**What the task asks:** Could the data below please be reproduced word for word, without the pictures?

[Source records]
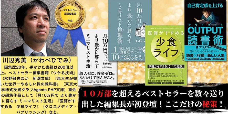 今回は、編集者として20年の実績があり、通算200冊以上の書籍編集に携わった編集長・川辺による **「読まれる書籍の作り方」**を2回のセミナーに分けてご紹介します。
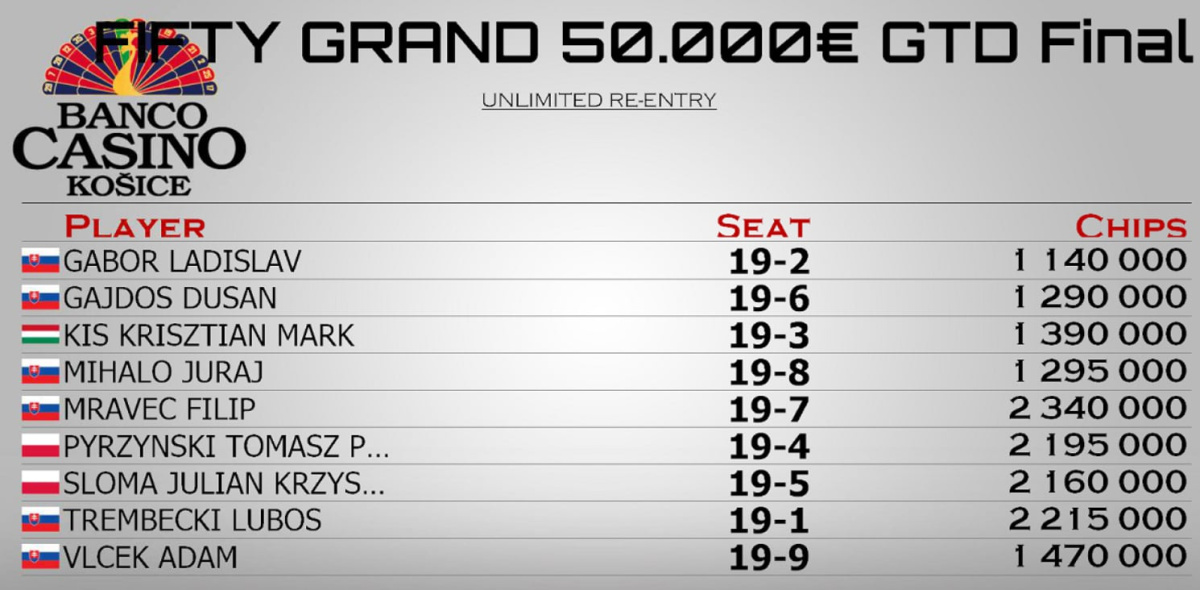 In the last game of the Fifty Grand, Mravec from SB raised to 600K, and Mihalo shoved his 5.5M stack. Mravec called with pocket 55 and stood against A9o under Mihalo´s hands. The board did not bring A or 9 and after safe river for Mravec he became a champion of the Fifty Grand tournament.
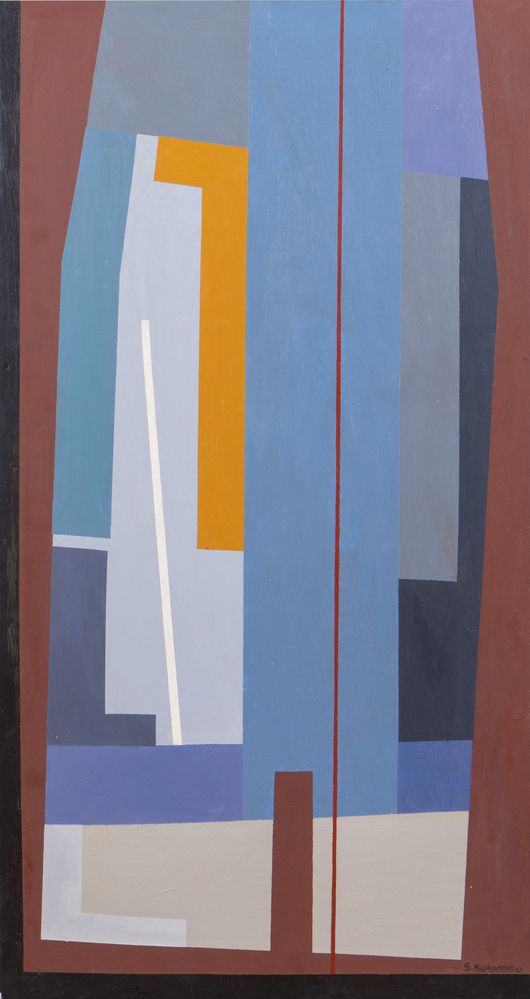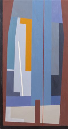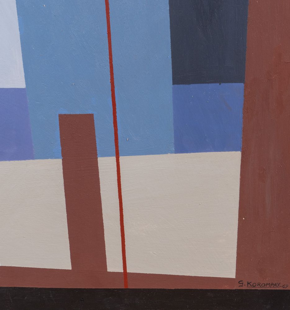 GIOVANNI KOROMPAY (Venezia 1904 - Rovereto 1988) "Cantiere", 1969. Olio su tavola. Cm 96,5x50,5. Opera firmata e datata in basso a destra G. Korompay '69. Al retro opera intitolata, firmata e datata Cantiere G. Korompay '69. Al retro reca timbro dell'Archivio collettivo Artisti Contemporanei, Galleria Maggiore, Roma con firma.
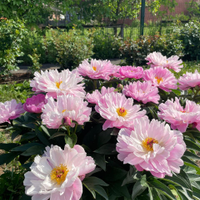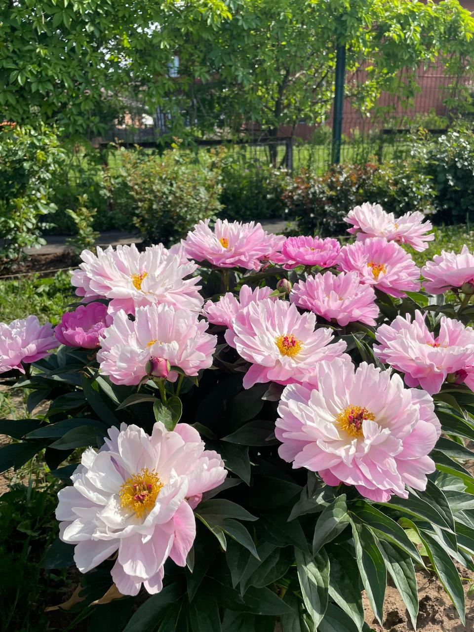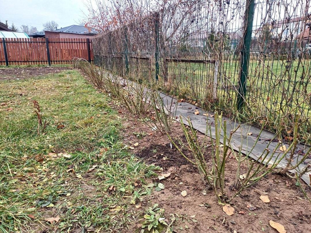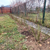 Высажены молодые фруктовые деревья и кусты. Много цветов.
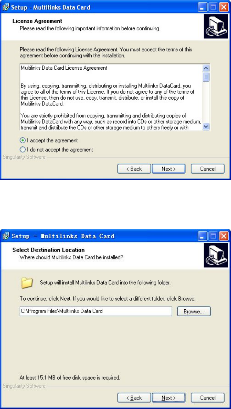 3. Please select "I accept the agreement" and "Next" in License interface.
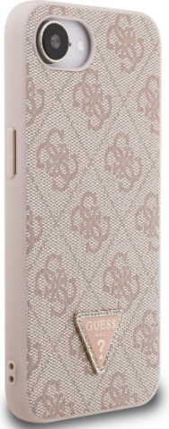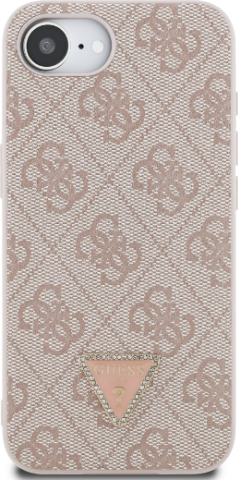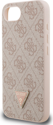 Премиальный чехол-накладка Guess PU 4G Strass Triangle Metal Logo имеет элегантный, характерный узор 4G, дополненный золотым треугольным логотипом GUESS.
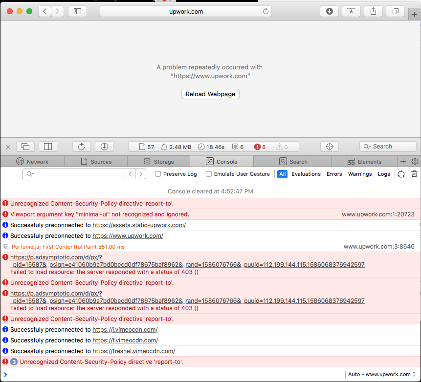 Since then, I've encountered problems with a number of websites where I keep getting this error:
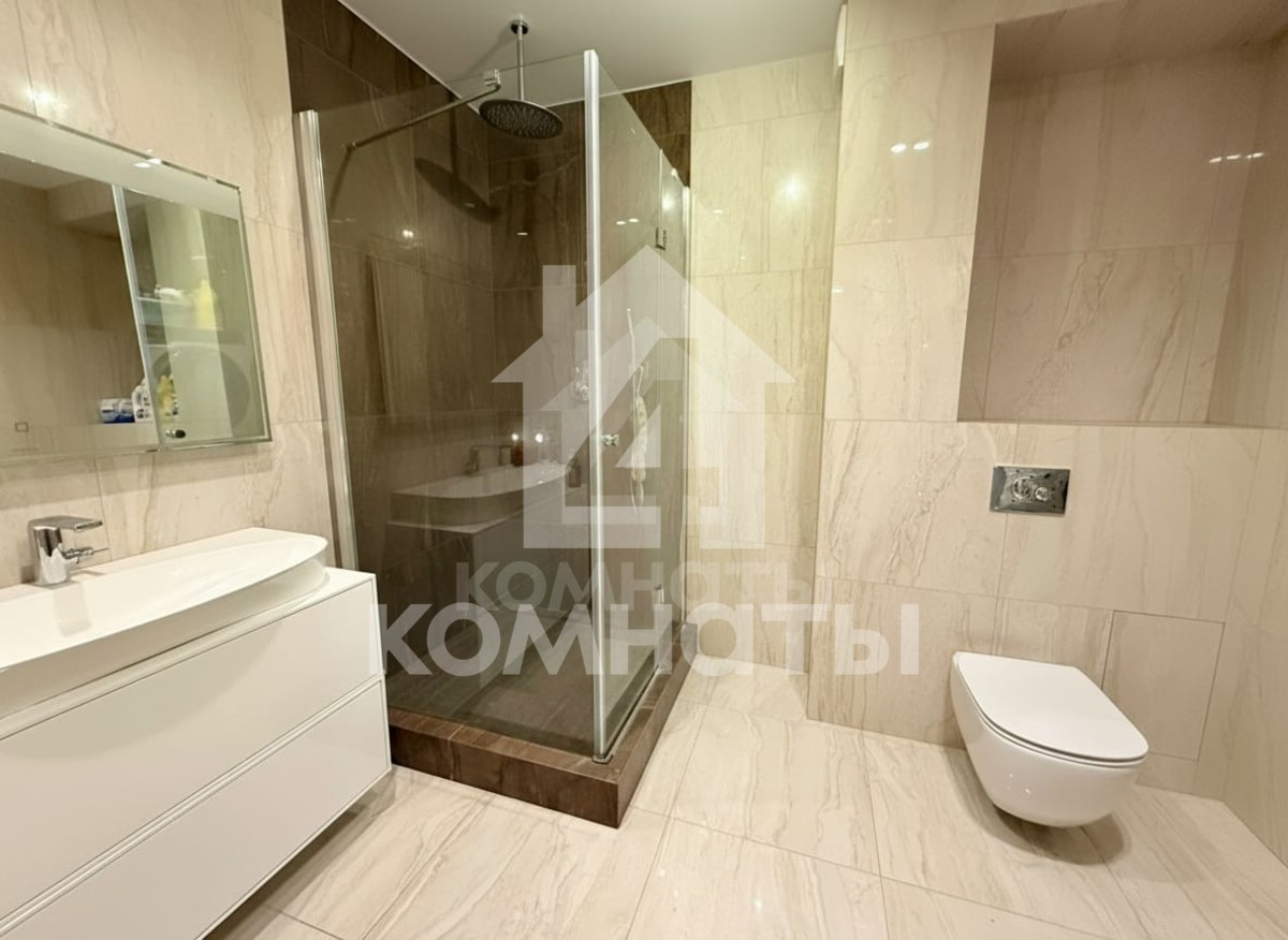 Два больших санузла 5 и 7 кв м. В санузлах выполнена отделка дорогой плиткой. В кухне-гостинной установлен новый кухонный гарнитур со встроенной техникой Bosch. В прихожей и спальне находятся два больших зеркальных шкафа для хранения, которые останутся новым хозяевам.
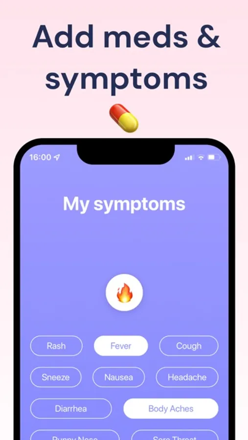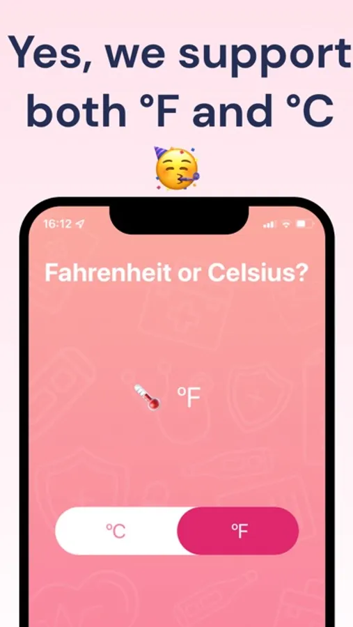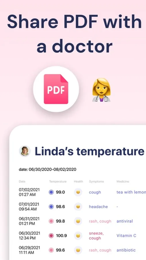 Check your temperature with your thermometer and and see detailed stats of the days you have a fever;
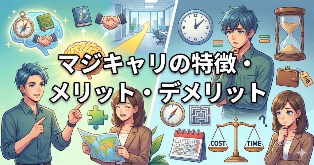 一方マジキャリは、転職エージェント事業で培ったノウハウを活かした実践的な転職支援に強みがあります。
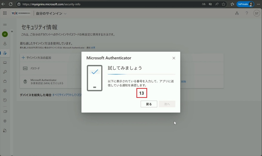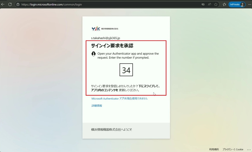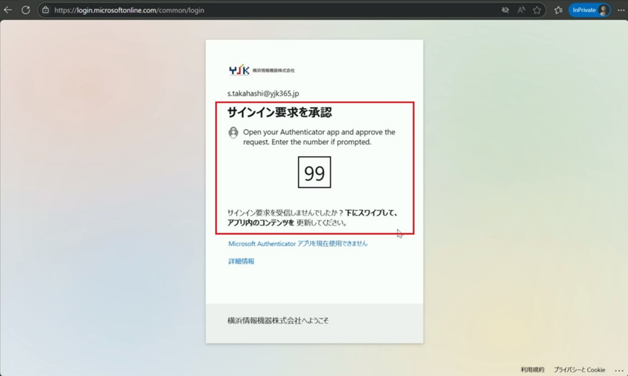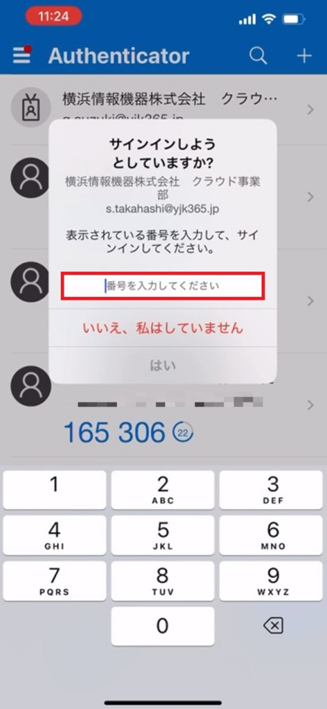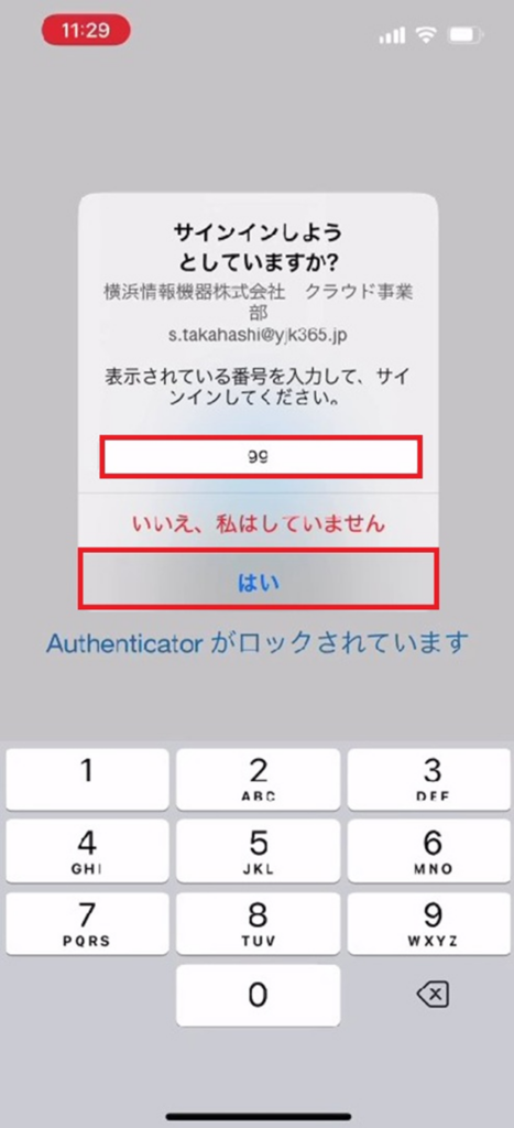 17.新しいスマホのAuthenticatorアプリに、表示された番号を入力し「はい」をタップします。
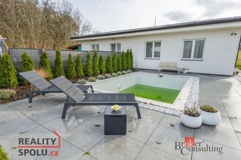 Nabízíme k prodeji moderní rodinný dům o dispozici 4+kk a obytné ploše 102,3m², který byl postaven v roce 2021 v obci Žižice – Drnov. V domě se nachází obývací pokoj s kuchyňským koutem, ložnice, dětský pokoj, pracovna, koupelna, samostatné WC, komora, kotelna, terasa. Součástí domu je krásná prostorná zahrada o výměře 463,7 m², která je ideálním místem pro relaxaci i volnočasové aktivity. Najdete zde betonový bazén obložený mozaikou, vestavěný venkovní gril s lednici a terasu z bambusových prken. Dům se nachází v klidné části obce, s výbornou dostupností do Slaného, Kladna i Prahy. Lokalita nabízí pohodlné bydlení v příjemném prostředí, ideální pro ty, kteří hledají spojení venkovského klidu a dobré dostupnosti měst. Těšíme se na prohlídky

**Expected answer:**
 今回は、編集者として20年の実績があり、通算200冊以上の書籍編集に携わった編集長・川辺による **「読まれる書籍の作り方」**を2回のセミナーに分けてご紹介します。
 In the last game of the Fifty Grand, Mravec from SB raised to 600K, and Mihalo shoved his 5.5M stack. Mravec called with pocket 55 and stood against A9o under Mihalo´s hands. The board did not bring A or 9 and after safe river for Mravec he became a champion of the Fifty Grand tournament.
 GIOVANNI KOROMPAY (Venezia 1904 - Rovereto 1988) "Cantiere", 1969. Olio su tavola. Cm 96,5x50,5. Opera firmata e datata in basso a destra G. Korompay '69. Al retro opera intitolata, firmata e datata Cantiere G. Korompay '69. Al retro reca timbro dell'Archivio collettivo Artisti Contemporanei, Galleria Maggiore, Roma con firma.
 Высажены молодые фруктовые деревья и кусты. Много цветов.
 3. Please select "I accept the agreement" and "Next" in License interface.
 Премиальный чехол-накладка Guess PU 4G Strass Triangle Metal Logo имеет элегантный, характерный узор 4G, дополненный золотым треугольным логотипом GUESS.
 Since then, I've encountered problems with a number of websites where I keep getting this error:
 Два больших санузла 5 и 7 кв м. В санузлах выполнена отделка дорогой плиткой. В кухне-гостинной установлен новый кухонный гарнитур со встроенной техникой Bosch. В прихожей и спальне находятся два больших зеркальных шкафа для хранения, которые останутся новым хозяевам.
 Check your temperature with your thermometer and and see detailed stats of the days you have a fever;
 一方マジキャリは、転職エージェント事業で培ったノウハウを活かした実践的な転職支援に強みがあります。
 17.新しいスマホのAuthenticatorアプリに、表示された番号を入力し「はい」をタップします。
 Nabízíme k prodeji moderní rodinný dům o dispozici 4+kk a obytné ploše 102,3m², který byl postaven v roce 2021 v obci Žižice – Drnov. V domě se nachází obývací pokoj s kuchyňským koutem, ložnice, dětský pokoj, pracovna, koupelna, samostatné WC, komora, kotelna, terasa. Součástí domu je krásná prostorná zahrada o výměře 463,7 m², která je ideálním místem pro relaxaci i volnočasové aktivity. Najdete zde betonový bazén obložený mozaikou, vestavěný venkovní gril s lednici a terasu z bambusových prken. Dům se nachází v klidné části obce, s výbornou dostupností do Slaného, Kladna i Prahy. Lokalita nabízí pohodlné bydlení v příjemném prostředí, ideální pro ty, kteří hledají spojení venkovského klidu a dobré dostupnosti měst. Těšíme se na prohlídky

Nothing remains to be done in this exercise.